Nearly 100 Frontier employees may be visiting Idaho’s unemployment offices by September.

On the second anniversary of Frontier Communications assuming control of landline operations in Idaho formerly owned by Verizon Communications, Frontier has announced plans to close its Coeur d’Alene call center this summer, putting nearly half of Frontier’s workers in Idaho out of work.

“There’s nothing wrong with the employees or the work they’re doing. It’s more about efficiencies,” Frontier’s senior vice president Steve Crosby told CDA Press. “What we’re trying to do is work through efficiencies, consolidations, really moving people around, having work groups working closer together.”

Those hoping to remain with Frontier will need to move to another state and accept a large pay cut if they want to keep their jobs. Other Frontier call centers around the country will assume the responsibilities of the 100 Idaho-based employees who face termination by Sept. 18, including one opening near Myrtle Beach, S.C., that will pay substantially lower salaries.

The closure will reduce Frontier’s workforce in Idaho almost in half. Crosby said Frontier had roughly 260 employees in the state as of last week.

Two years ago, Frontier was telling Idaho a very different story about its takeover of Verizon landlines.

“I think we’ll have better service for customers,” David Haggerty, then a Verizon manager staying with Frontier, told the Bonner County Daily Bee. “Frontier brings with it a small-town mentality. It used to be you were able to pay bills in town and make human contact. That was taken away by Verizon.”

In 2010, Haggerty promised the transition would have no impact on former Verizon workers now heading to work at Frontier.

“We focus on putting the customer first,” said Frontier’s regional manager Vickie Bullard said. “That’s one of the 11 value statements we have at Frontier.”

Some of Frontier’s customers in Idaho wonder if Frontier’s “value statements” are also being downsized.

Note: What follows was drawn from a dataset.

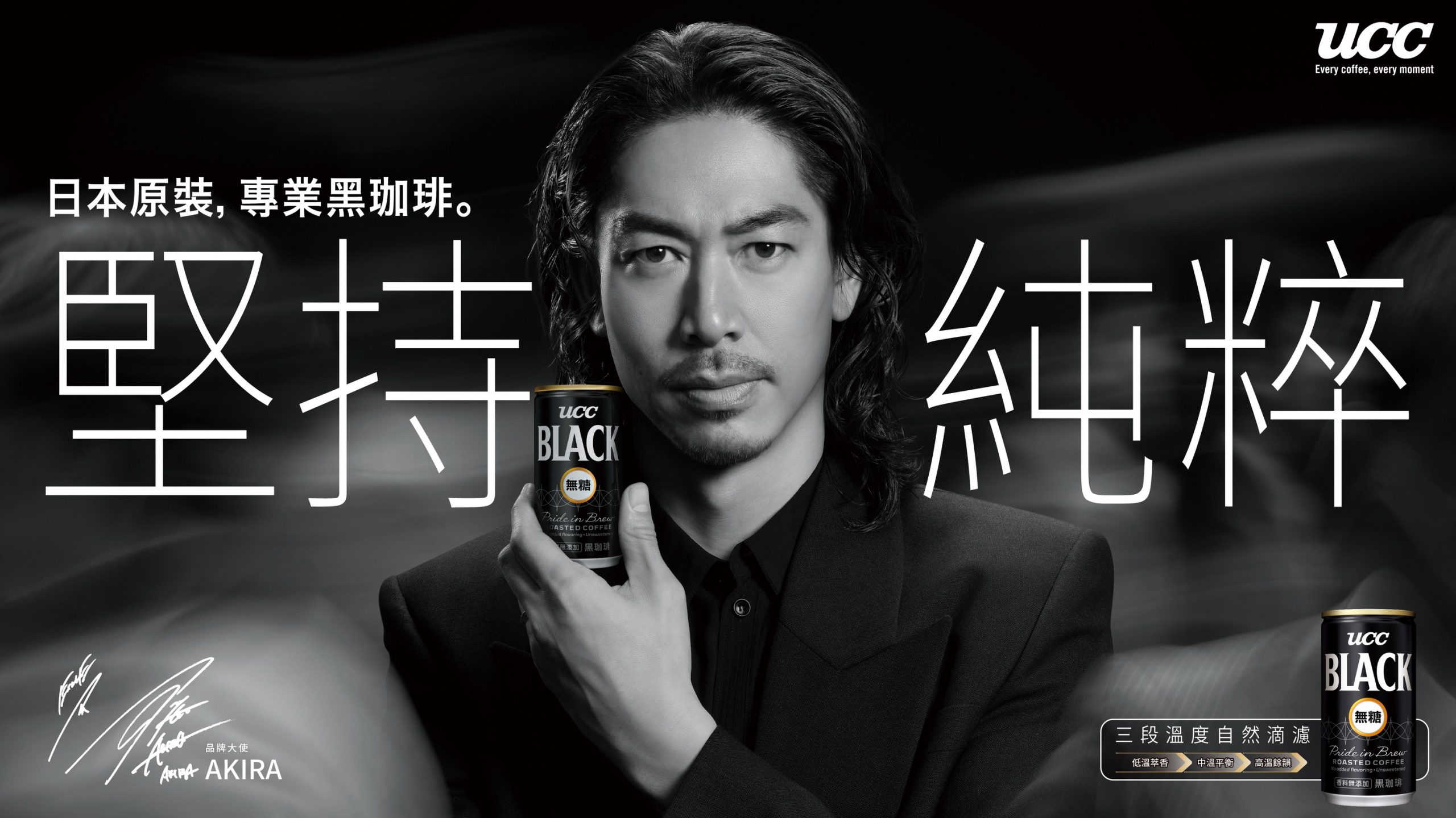 UCC BLACK首度於台灣市場啟用品牌大使,作為品牌全新溝通的重要開展。品牌大使AKIRA所展現的專注、自律、穩健專業,與UCC BLACK對品質一絲不苟的堅持高度契合。不僅在形象上相互呼應,更在自我要求的堅定態度與對細節的講究上形成深層連結,具體詮釋「堅持純粹」的精神內涵,並強化品牌的專業印象與市場辨識度。

“I just switched from Frontier to Time Warner Cable for my Internet,” says Scott Mead. “Frontier started out great in the beginning, but shortly after went downhill as issue after issue started.”

Mead reports his calls to Frontier’s national 800 customer support number, which promises 100 percent of the company’s workers are American-based, often left him flummoxed dealing with foreign-accented employees with poor English language skills.

The last one out can turn off the lights.

Another Coeur d’Alene customer endured bad service from Frontier before finally leaving, with the phone company’s collection agency chasing him not far behind:

“As far as I’m concerned Frontier can take a long walk off a short pier. When they first took over from Verizon, from whom we had good service, they sent out a service guy to get us back online. He installed the wrong equipment so another serviceman came out and replaced the wrong one with a bigger, better, and faster wrong one. Over the next 6 weeks we were down all but 12 days and we heard one excuse after another with nothing getting resolved.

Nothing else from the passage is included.